Rick Just's Blog, page 213

December 19, 2018

Zane Grey's Thunder Mountain

Zane Grey liked to get the setting for his books right. To that end, he made an extended visit to Idaho in the late 1920s with the idea of writing a book about the boomtown of Roosevelt and the Thunder Mountain mines.
 
Grey contacted well-know outfitter Elmer Keith and arranged to have him guide the writer into the backcountry. As Keith told it, in a 1957 article in the Idaho Statesman, Grey was not planning to rough it.
 
Said Keith, “I felt quite honored and looked forward to meeting this buckaroo.”
 
When Grey arrived, Keith began figuring out what it would take to get his gear into the mountains. It would require 42 pack horses and 12 riding horses. The portable bathtub proved a bit of a hurdle until Keith “finally bought an old mule blind in one eye, that did not object too much.”
 
Grey’s party included a private secretary and his own cook. In the beginning, the cook became an issue. He was variously reported to be French or Japanese (probably the latter). At any rate, it was foreign cooking and the packers did not like it one bit. They threatened to mutiny until the cook stated serving hotcakes, spuds, gravy, and meat. One of the packers later said “my esteem for Tagahashi grew every day. He was the best cook, the best packer, the best fisherman, and the best sport in the whole bunch.” That he always had plenty of coffee on hand for the cowboys was also of some consequence.
 
The party was delayed for a time when the Salmon Forest supervisor refused to let them pack in to Thunder Mountain because the drought had made the forest a tinderbox. “Zane Grey or no Zane Grey!

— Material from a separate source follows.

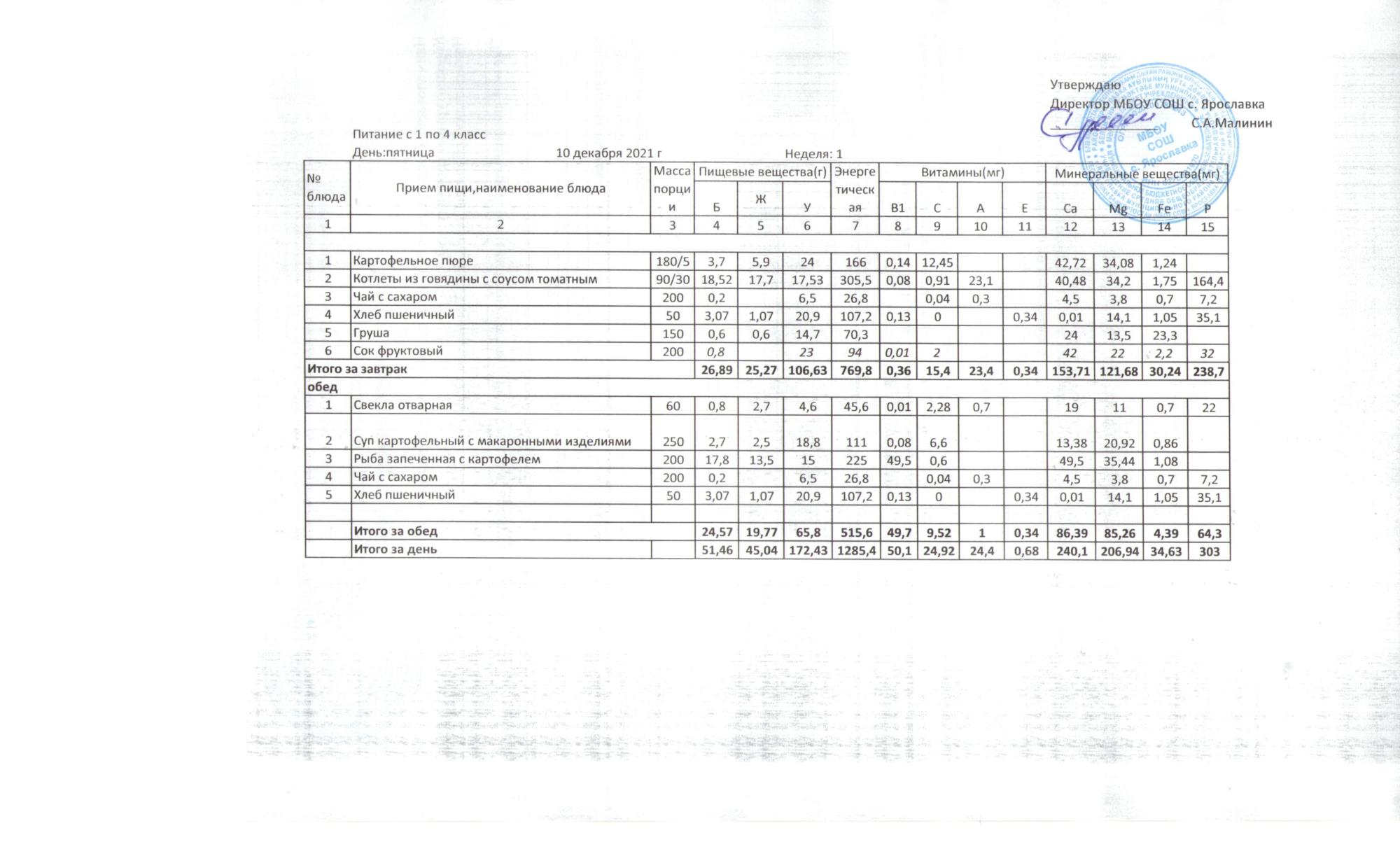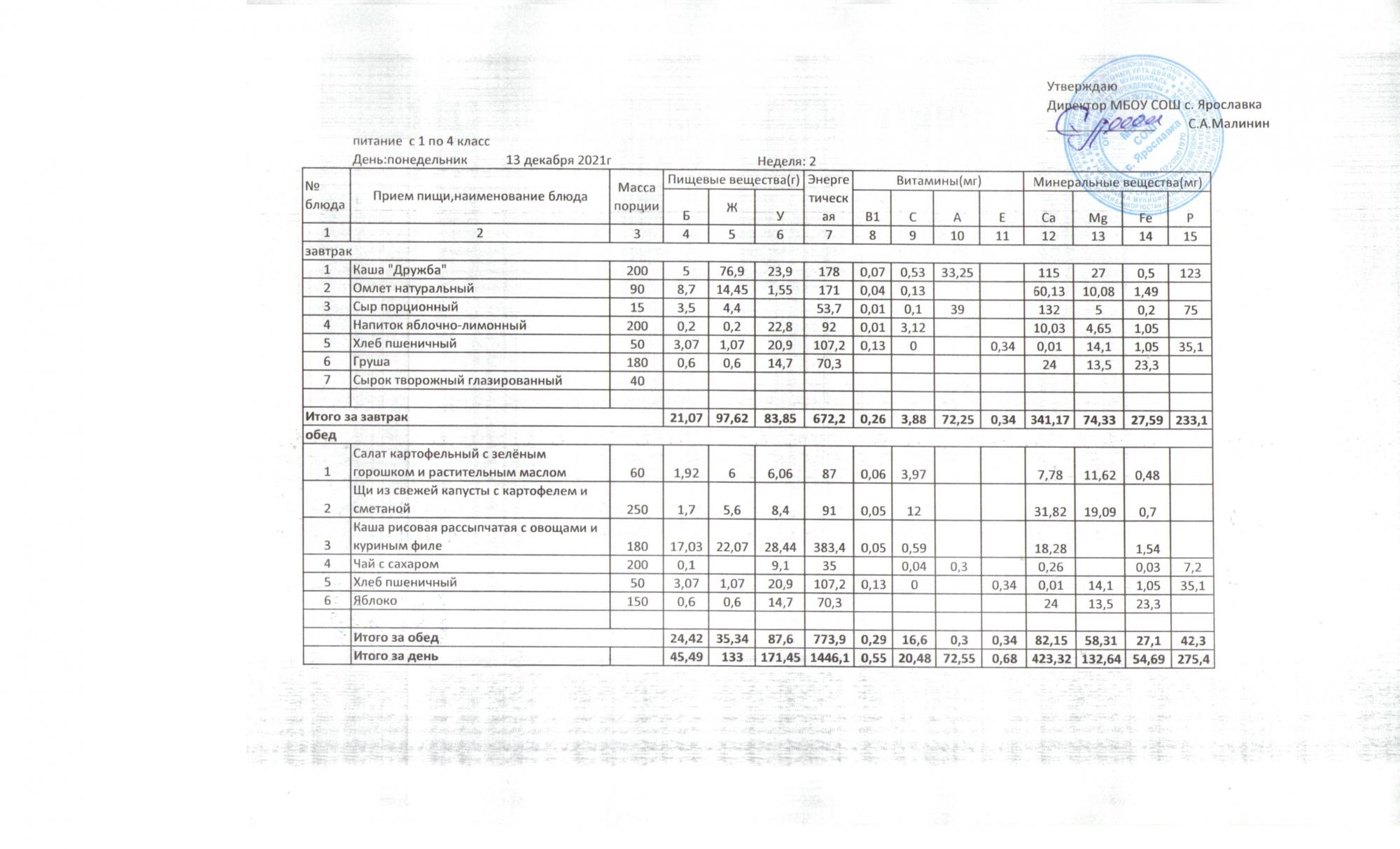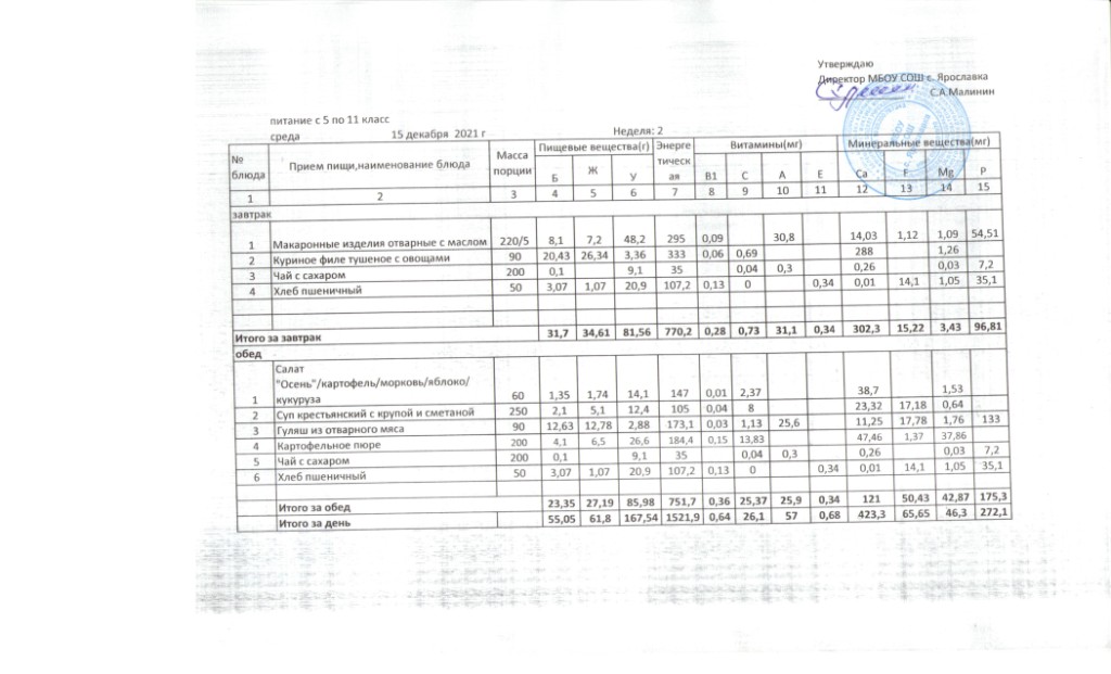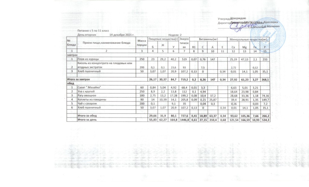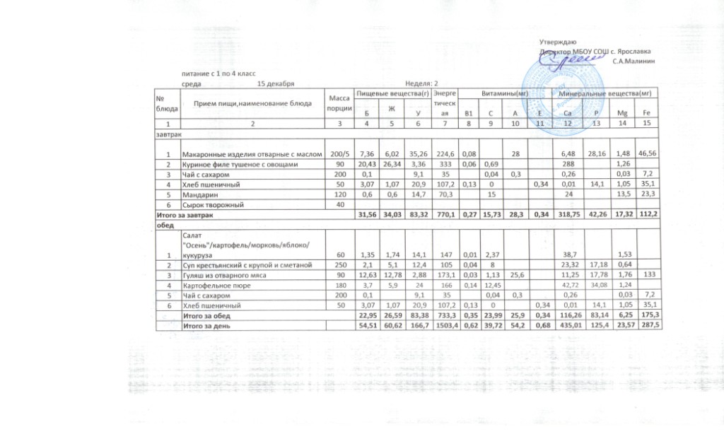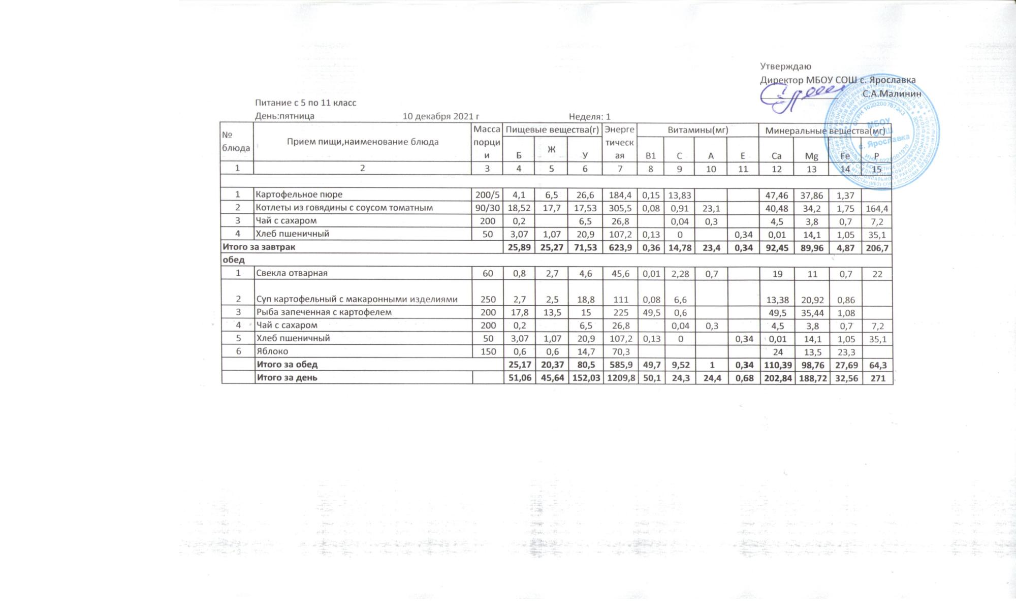 Утвержденные 10-дневные меню

Book or no book! The answer is still NO, Mr. Keith!” he is reported to have said.
 
Rains eventually came making the forest safe to travel. The group finally got to Thunder Mountain in a trip that took a total of six weeks, giving the author enough of a sense of the country to go home and write that book.
 
Thunder Mountain , by Zane Grey, was published in 1935 to good reviews and is still in print. The story features protagonists who were brothers discovering the first gold on the mountain, then defending their claim when word got out. Roosevelt, Idaho was called Thunder City in the book. Both the real town and its fictional doppelganger were destroyed when part of the mountain slid into the creek, backing up water to form a lake where the town once was.
 
The book was made into a movie, twice. The first was in 1935, starring George O’Brien who was a name actor at the time. “Gabby” Hayes was also in the film. The next version came out in 1947, starring Tim Holt. That version is still readily available.
 
Much of the information for this post came from the article “Zane Grey and Thunder Mountain,” by Robert G. Waite, published in the winter 1996 edition of Idaho Yesterdays.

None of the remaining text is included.